DATASET RECORDS below:
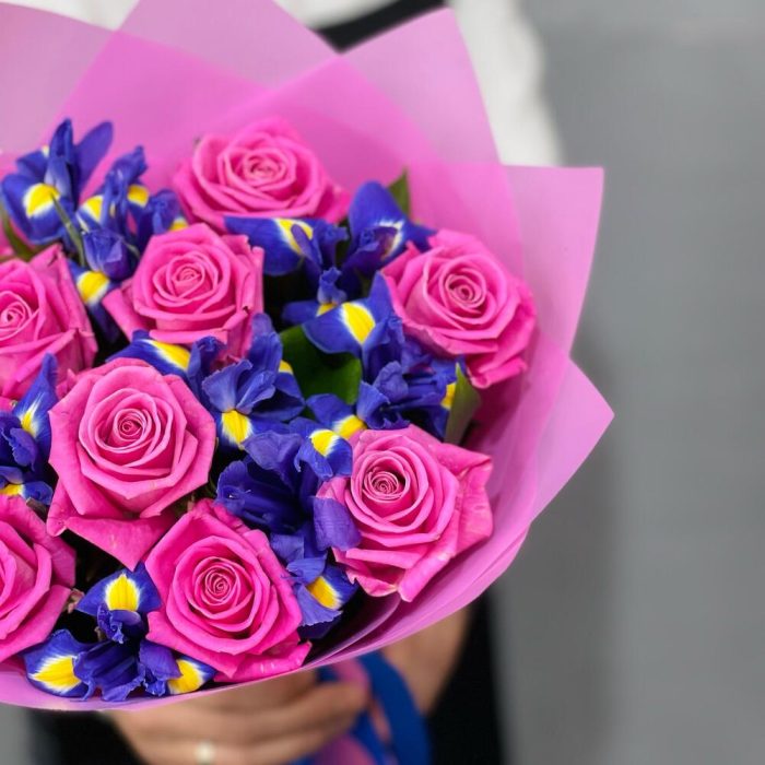 аква роза – 10 шт.Ирис – 9 шт.Рускус – 10 шт.Упаковка дизайнерская – 3 шт.Лента атласная – 1 шт.
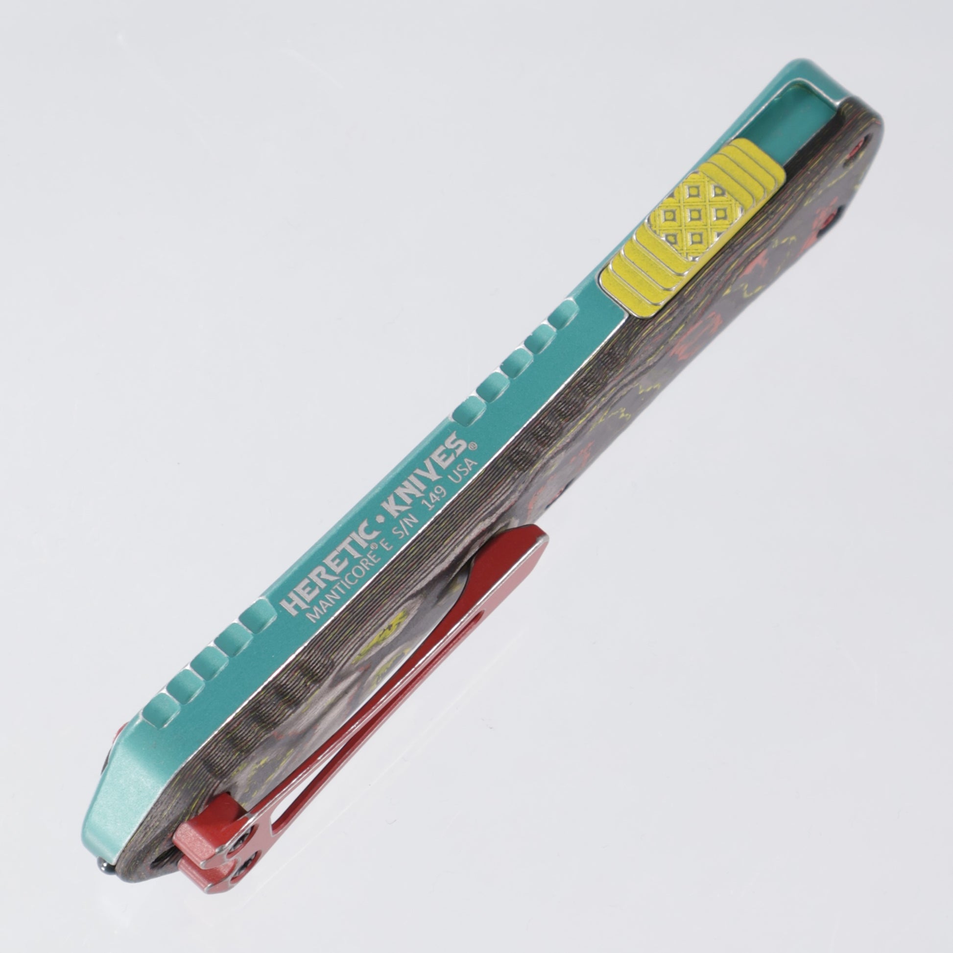 Heretic Manticore E - Bounty Hunter Double Edge Full Serrate - CamoCarbon & Distressed Aluminum - Two-Tone Magnacut - H028-10C-BOUNTY
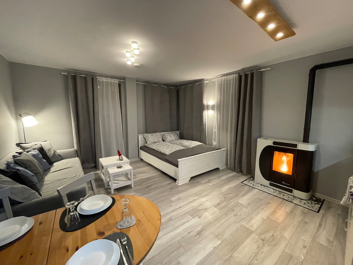 Грижливо, практично и дизайнерски обзаведено, студиото разполага с всичко необходимо за пълноценна почивка-ергономичен антистрес матрак, ортопедични или високи възглавници, леки завивки, романтична камина, съвременни уреди, напълно обзаведена кухня с маса за хранене, удобен диван, който се превръща в легло, просторна баня, високоскоростен Интернет и гледка към борови гори от балкона! Намира се на първи (не партерен) етаж и има собствен изход към градината! Паркингът е точно до входа на сградата.
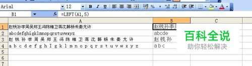 有几个字符串如下图:我们要从字符串的左边开始取5个字符,公式应为:=LEFT(A1,5)。
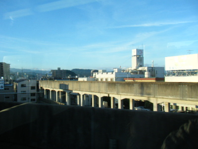 | 6:02 鳥取駅発車直後です。 鳥取駅周辺は高架線になっています。 右手に、因美線 の線路が分岐していきました。 |
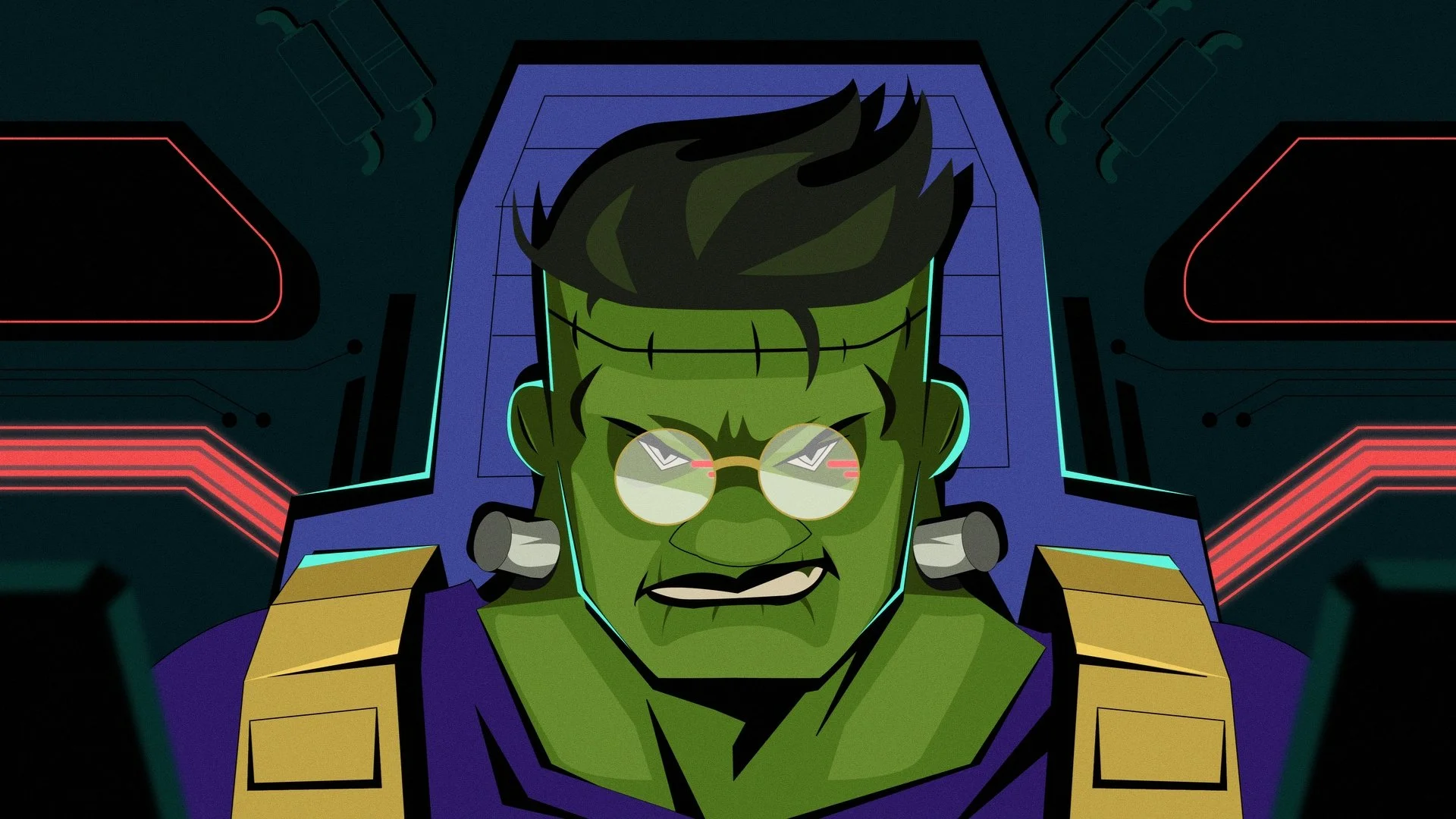 Animated depiction of a green-skinned character resembling Dracula with a stern expression, wearing round glasses and a purple and yellow outfit, inside a high-tech vehicle or Gundam Cockpit with digital displays and control panels.
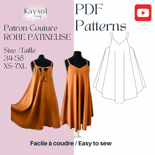 Patron couture PDF robe femme – modèle Penda facile à coudre | Tailles 34 à 56 / XXS/7XL
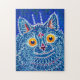 Quebra-cabeça com a pintura animal de Louis Wain A Cat in Gothic Style (1860-1939). Um gato azul psíquico olha amigavelmente com os olhos amarelos para o espectador. Um presente maravilhoso para amantes de gatos e arte inglesa.
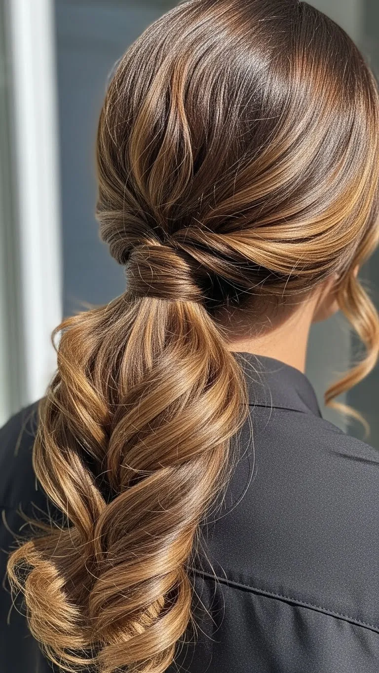 Low side ponytails combine practicality and romance. Curl hair first, then sweep it to one side and tie loosely. Add a small ribbon or clip for personality. Heat-free option: twist damp hair to one side and pin overnight. Soft curls frame the face, creating a flattering and approachable look. It’s easy, comfortable, and keeps curls in motion all day. Works beautifully for casual outings or semi-formal events.
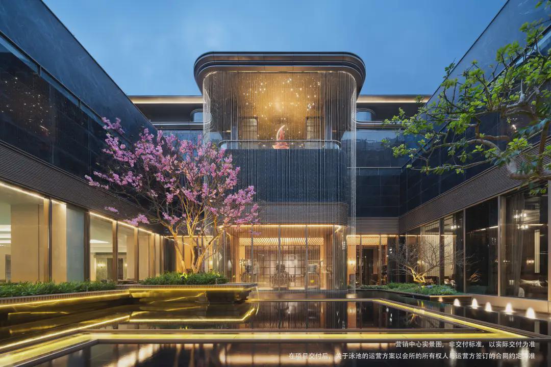 下沉式环幕庭院,跌水景观环绕,池底仿黑金砂与宝石晶片闪烁,点缀百余灯珠,师法“琉璃水光” 形意,糅合视听五感,打造全浸式立体园境,天工巧夺,嘉定未见。
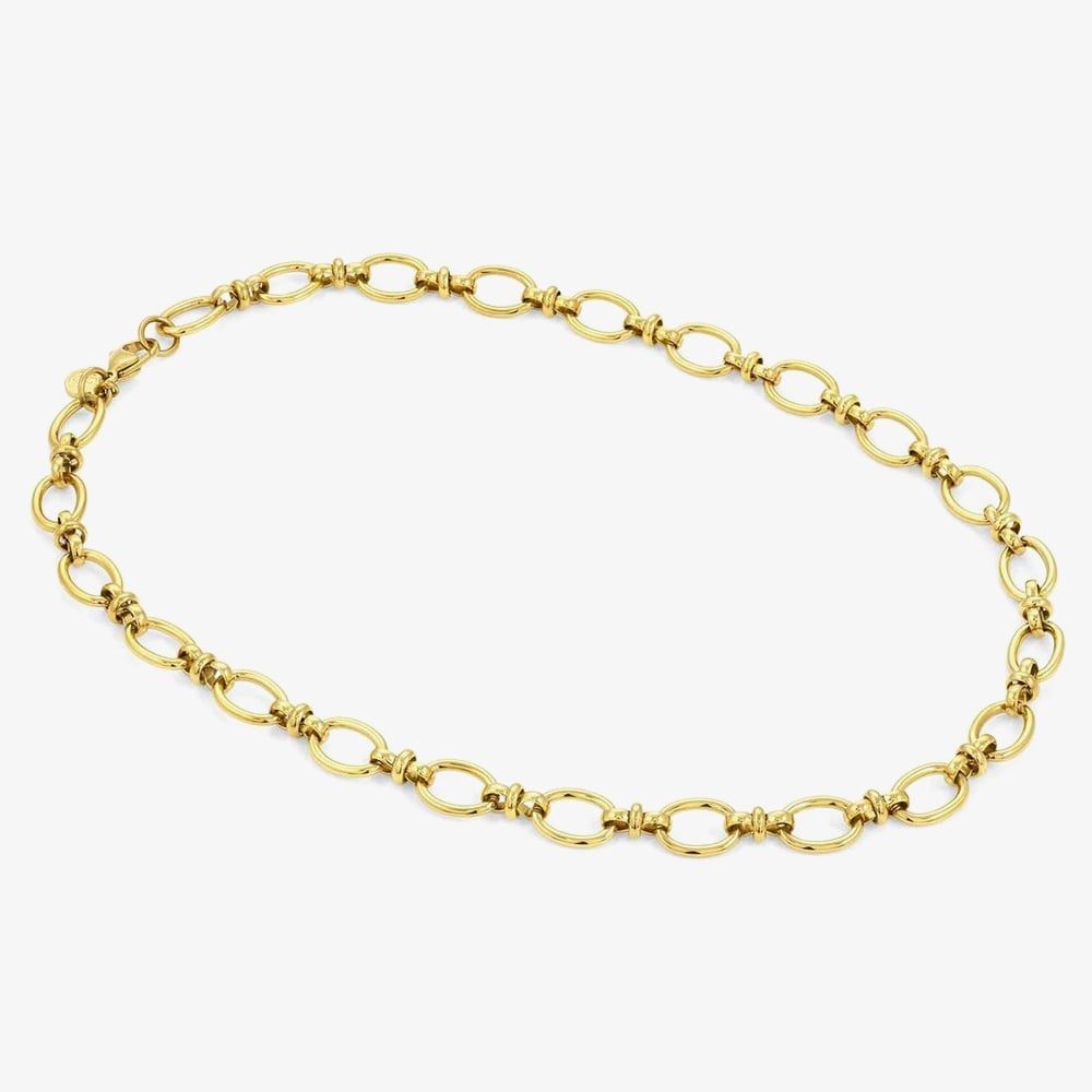 The Nomination Affinity Gold Plated Stainless Steel Oval Link Necklace 028604/001 is delicately crafted from stainless steel with gold PVD plating combining multiple oval hoop links with smaller joining section. Perfect for day or night, this necklace measures 46cm in length creating this minimal yet bold look.
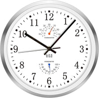 HITO 12 Inch Silent Wall Clock Battery Operated Non Ticking Glass Cover Silver Aluminum Frame, for Living Room Decor, Kitchen, Bedroom, Home Office (12" White)
End of DATASET RECORDS.
**EXERCISE DIRECTIONS**
Leaving every picture out, repeat each line of the material exactly.

**SOLVED PROBLEM**
 аква роза – 10 шт.Ирис – 9 шт.Рускус – 10 шт.Упаковка дизайнерская – 3 шт.Лента атласная – 1 шт.
 Heretic Manticore E - Bounty Hunter Double Edge Full Serrate - CamoCarbon & Distressed Aluminum - Two-Tone Magnacut - H028-10C-BOUNTY
 Грижливо, практично и дизайнерски обзаведено, студиото разполага с всичко необходимо за пълноценна почивка-ергономичен антистрес матрак, ортопедични или високи възглавници, леки завивки, романтична камина, съвременни уреди, напълно обзаведена кухня с маса за хранене, удобен диван, който се превръща в легло, просторна баня, високоскоростен Интернет и гледка към борови гори от балкона! Намира се на първи (не партерен) етаж и има собствен изход към градината! Паркингът е точно до входа на сградата.
 有几个字符串如下图:我们要从字符串的左边开始取5个字符,公式应为:=LEFT(A1,5)。
 | 6:02 鳥取駅発車直後です。 鳥取駅周辺は高架線になっています。 右手に、因美線 の線路が分岐していきました。 |
 Animated depiction of a green-skinned character resembling Dracula with a stern expression, wearing round glasses and a purple and yellow outfit, inside a high-tech vehicle or Gundam Cockpit with digital displays and control panels.
 Patron couture PDF robe femme – modèle Penda facile à coudre | Tailles 34 à 56 / XXS/7XL
 Quebra-cabeça com a pintura animal de Louis Wain A Cat in Gothic Style (1860-1939). Um gato azul psíquico olha amigavelmente com os olhos amarelos para o espectador. Um presente maravilhoso para amantes de gatos e arte inglesa.
 Low side ponytails combine practicality and romance. Curl hair first, then sweep it to one side and tie loosely. Add a small ribbon or clip for personality. Heat-free option: twist damp hair to one side and pin overnight. Soft curls frame the face, creating a flattering and approachable look. It’s easy, comfortable, and keeps curls in motion all day. Works beautifully for casual outings or semi-formal events.
 下沉式环幕庭院,跌水景观环绕,池底仿黑金砂与宝石晶片闪烁,点缀百余灯珠,师法“琉璃水光” 形意,糅合视听五感,打造全浸式立体园境,天工巧夺,嘉定未见。
 The Nomination Affinity Gold Plated Stainless Steel Oval Link Necklace 028604/001 is delicately crafted from stainless steel with gold PVD plating combining multiple oval hoop links with smaller joining section. Perfect for day or night, this necklace measures 46cm in length creating this minimal yet bold look.
 HITO 12 Inch Silent Wall Clock Battery Operated Non Ticking Glass Cover Silver Aluminum Frame, for Living Room Decor, Kitchen, Bedroom, Home Office (12" White)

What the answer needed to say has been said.